Ссылка на слабое здоровье — а кто из друзей и знакомых не знал, что оно у Кони действительно слабое, — прекрасный повод отказаться от сомнительного предприятия. Как бы ни грела сама мысль о министерском портфеле, он нашел мужество не запятнать себя участием в правительстве, служившем, по его же образному выражению, «самодуржавию».
О возможном предложении министерского поста Кони подумал еще однажды: когда в первый день Февральской революции пошел к Аничкову мосту проведать маленьких детей своих старых друзей и был свидетелем ареста крайне правого члена Государственного совета Ширинского-Шахматова. «Боюсь, как бы не пришлось мне снова уклонять от себя чашу какого-либо министра», — писал он тогда.
Во время последней беседы с Кони Столыпин сказал:
— Мне ужасно грустно расставаться с возможностью пользоваться вашей эрудицией, опытом и умственной силой. Быть может, если бы вы были членом Государственного совета, который так бездарен по своему личному составу, вы смогли бы поддержать нас в тех случаях, когда вы с нами согласны?
— Для этого необязательно входить в совет. Я всегда считал себя обязанным делиться со всеми своими знаниями и опытом. Тем более в такое трудное время, как сейчас. Я могу это делать и в качестве рядового сенатора…
— Но Государственному совету необходимо иметь вас, — возразил Столыпин, — так никто не умеет говорить, кроме Таганцева, но его заранее приготовленные речи дышат неискренностью и поддельным пафосом.
«На этом в существе и окончилась наша беседа. К нему пошел кн. Львов, а я остался поджидать последнего на лавочке в аллее, идущей вдоль решетки Ботанического сада. Небо торжественно сияло над красавицей Невой, невольно отвлекая мысли к возвышенному и вечному от злобы дня, во имя которой около меня, пытливо посматривая, все время прохаживались явные агенты тайной охраны министра».
«Какое печальное событие — это убийство Столыпина, — писал Кони в 1911 году. — Я не был безусловным сторонником принимаемых им мер и даже выступал против него по вопросам о Финляндии и о применении 87 ст[атьи] Осн[ов] законодательства], но я не мог не уважать в нем человека прямого, искреннего… и — главное — цельного… Когда в 1906 году он предлагал мне портфель Министра юстиции — мы провели два вечера в откровенной беседе, и я мог заглянуть в его душу.

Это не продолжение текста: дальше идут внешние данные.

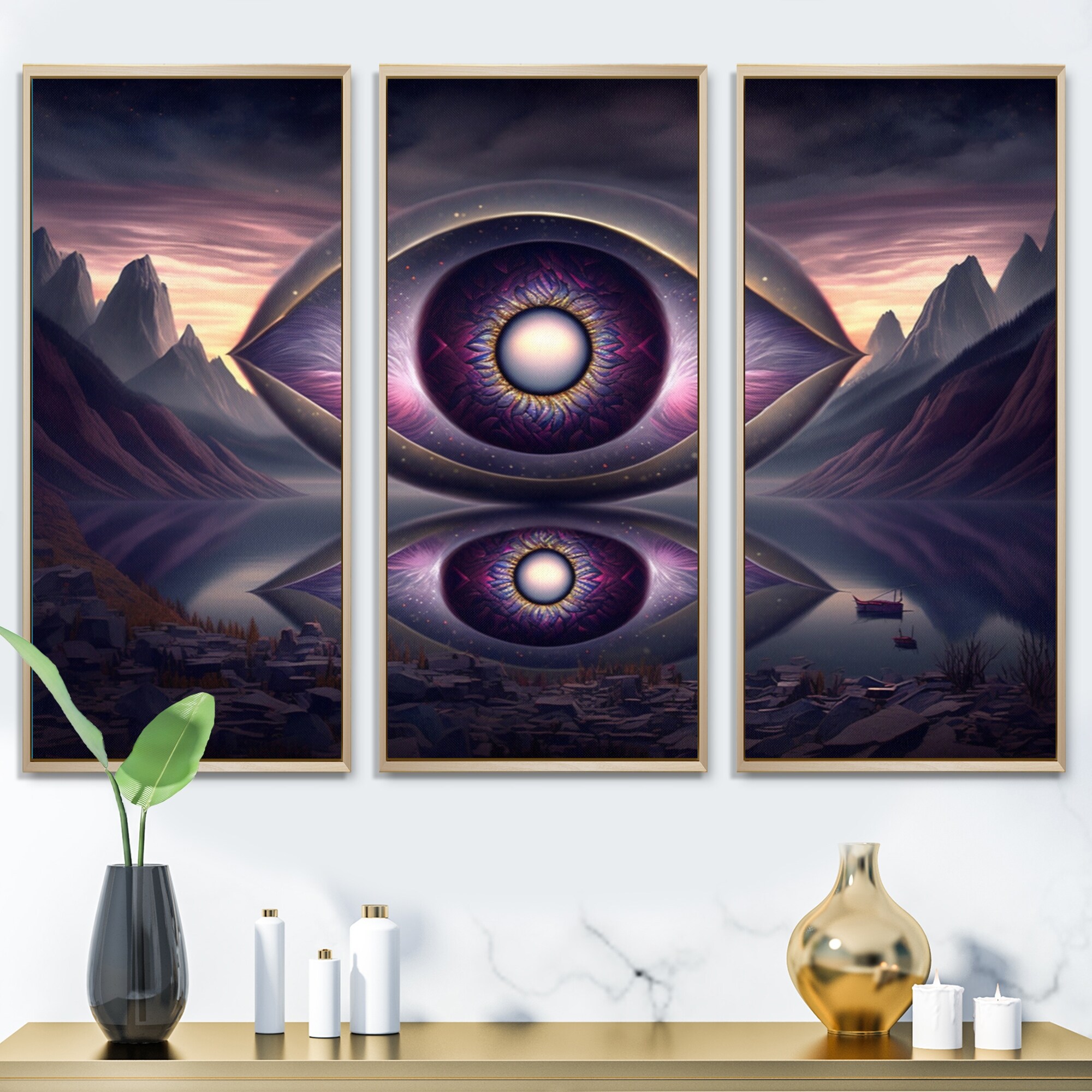Designart "Purple Eye Landscape I" Modern Geometric Framed Canvas Wall Art Print - 3 Panels

Но какова охрана?! И это после Азефа!»
Двадцать первого ноября 1910 года на Невском, в зале, похожей на пожарное депо, городской думы было полно народу. Публика собралась разношерстная — чиновники, писатели, журналисты, но особенно много было медиков — отмечалось 100-летие со дня рождения Николая Ивановича Пирогова. С речью выступал невысокий, плотный мужчина. У него «…широкий лоб, большие умные глаза, тонкие суховатые черты лица, почти лишенного растительности. На тонких губах бродит чуть заметная улыбка, а глаза как бы лукаво подстерегают ошибки чужих доводов». Он говорит ровным, негромким, лишенным каких-либо ажитаций голосом, но в зале стоит напряженная тишина.
Оратор говорит о том, что великому сыну русского народа, всю жизнь прожившему на сквозном ветру ледяного равнодушия к участи и достоинству человека, приходилось терпеть унижения и от власть имущих, и от презренных и продажных писак.
Яркая личность Пирогова оказалась не ко двору тогдашнему «благоденствию», которое, по словам Шевченко, выражалось в гробовом молчании. Тишь да гладь — среда обитания посредственности, а Пирогов говорил: «Без вдохновения — нет воли, без воли — нет борьбы, а без борьбы — ничтожество и произвол!»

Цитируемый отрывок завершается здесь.